=== Begin Enclosure ===

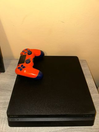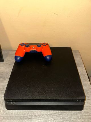 Consola Playstation 4 con disco duro de 1 TB y mando. - Mando de color naranja y azul. - Consola de color negro.
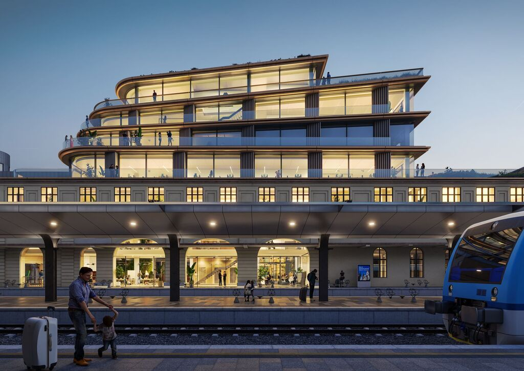 Визуализация: как изменят бывшее почтовое отделение возле железнодорожного вокзала им. Масарика в Праге
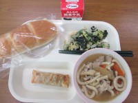 今日の献立は、えびとマカロニのクリーム煮・プチプチサラダ・ツイストロール・牛乳でした。

=== End Enclosure ===

Copy the listing exactly. No images belong in the copy.

 Consola Playstation 4 con disco duro de 1 TB y mando. - Mando de color naranja y azul. - Consola de color negro.
 Визуализация: как изменят бывшее почтовое отделение возле железнодорожного вокзала им. Масарика в Праге
 今日の献立は、えびとマカロニのクリーム煮・プチプチサラダ・ツイストロール・牛乳でした。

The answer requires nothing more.